- Exercise aim -
Repeat all the lines below exactly, but omit the pictures.

- Source material -

____________________

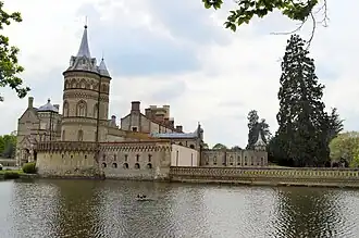 Pevsner describes the approach to the Towers as "one of the most sensational in England".[11] The core of the present house is Barry's building of 1820–1829, undertaken in the Tudor Revival style.[12] This is enveloped with a great hall, built by Lovelace in 1849, and by even larger flanking towers, in Romanesque and Rhenish styles, and a chapel, all dating from 1859 and after, and drawing inspiration from a long European tour Lovelace undertook following Ada's death in 1852.[12] The whole is encircled by a complex of walls, tunnels, arches, bastions and a lengthy cloister.[a][11][12] The construction materials are mainly local flint and brick, Lovelace purchasing a brickworks at Ockham to ensure a ready supply.[4]
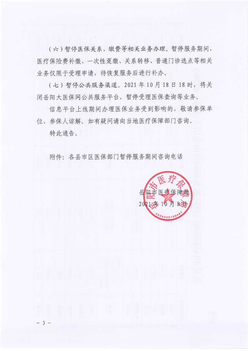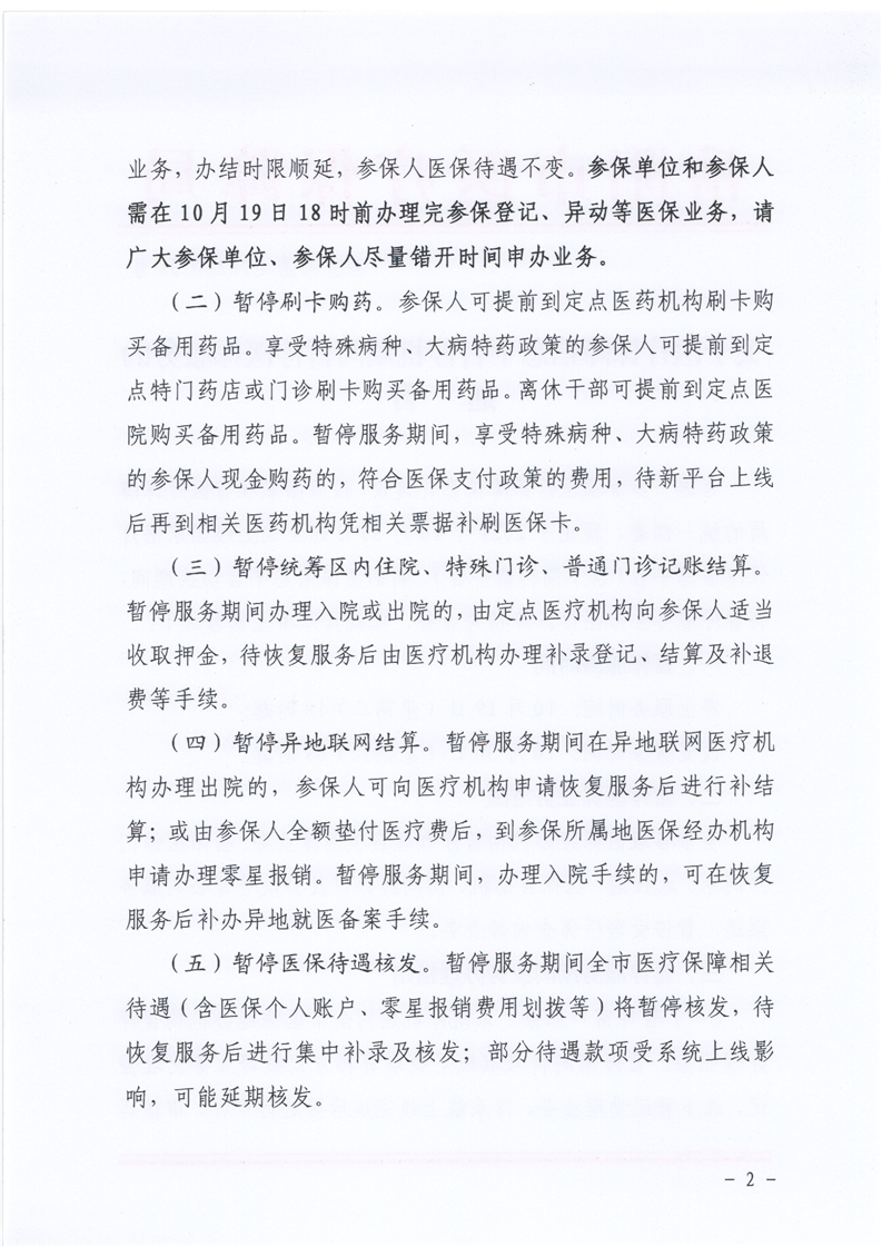 关于医疗保障信息平台停机期间暂停医保服务的通告
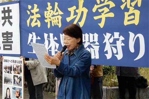 在日本工作的越南法轮功学员田先生(Mr.Tien)说:“今天是我第一次到名古屋中领馆前参加活动,纪念‘四·二五’。我要求中共立即停止对法轮功学员的迫害,立即停止活摘法轮功学员的器官。”
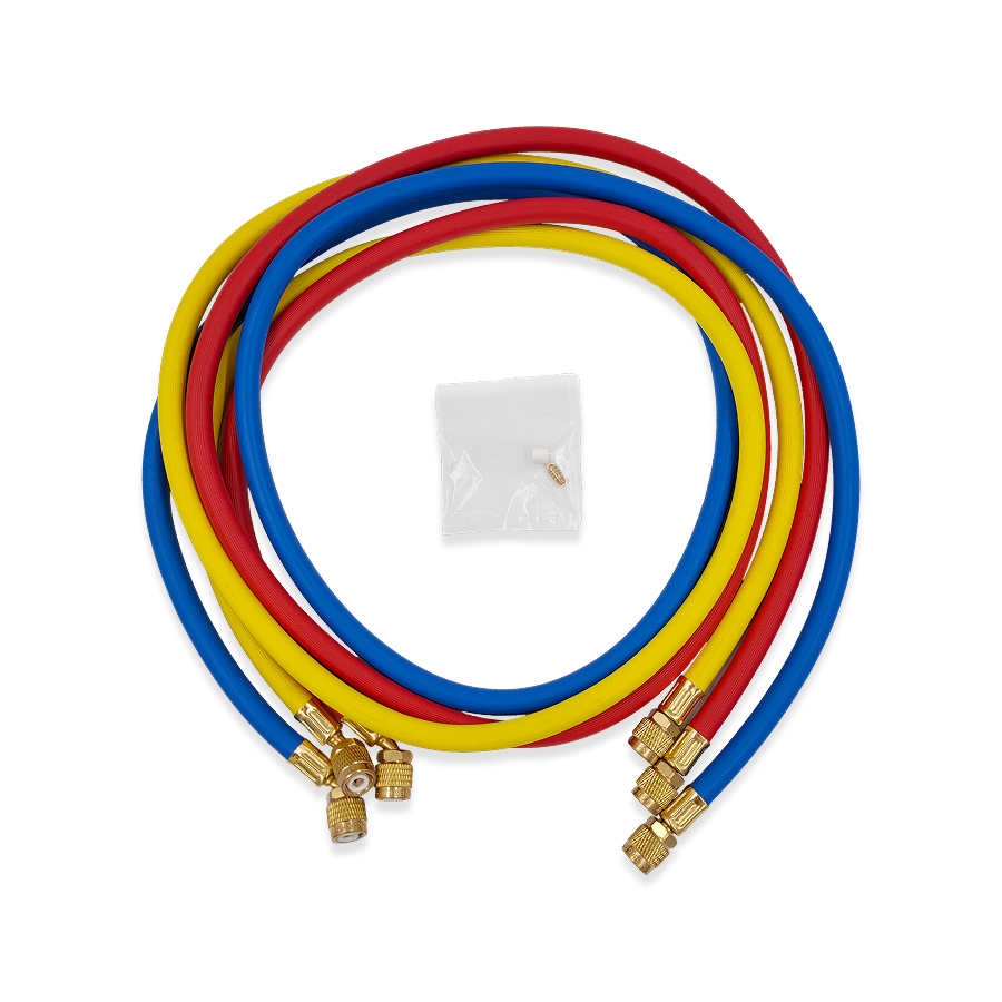 Комплект состоящий из 3-х заправочных шлангов по 1.5 м для заправки и вакуумирования кондиционеров.

____________________

- Problem solution -
 Pevsner describes the approach to the Towers as "one of the most sensational in England".[11] The core of the present house is Barry's building of 1820–1829, undertaken in the Tudor Revival style.[12] This is enveloped with a great hall, built by Lovelace in 1849, and by even larger flanking towers, in Romanesque and Rhenish styles, and a chapel, all dating from 1859 and after, and drawing inspiration from a long European tour Lovelace undertook following Ada's death in 1852.[12] The whole is encircled by a complex of walls, tunnels, arches, bastions and a lengthy cloister.[a][11][12] The construction materials are mainly local flint and brick, Lovelace purchasing a brickworks at Ockham to ensure a ready supply.[4]
 关于医疗保障信息平台停机期间暂停医保服务的通告
 在日本工作的越南法轮功学员田先生(Mr.Tien)说:“今天是我第一次到名古屋中领馆前参加活动,纪念‘四·二五’。我要求中共立即停止对法轮功学员的迫害,立即停止活摘法轮功学员的器官。”
 Комплект состоящий из 3-х заправочных шлангов по 1.5 м для заправки и вакуумирования кондиционеров.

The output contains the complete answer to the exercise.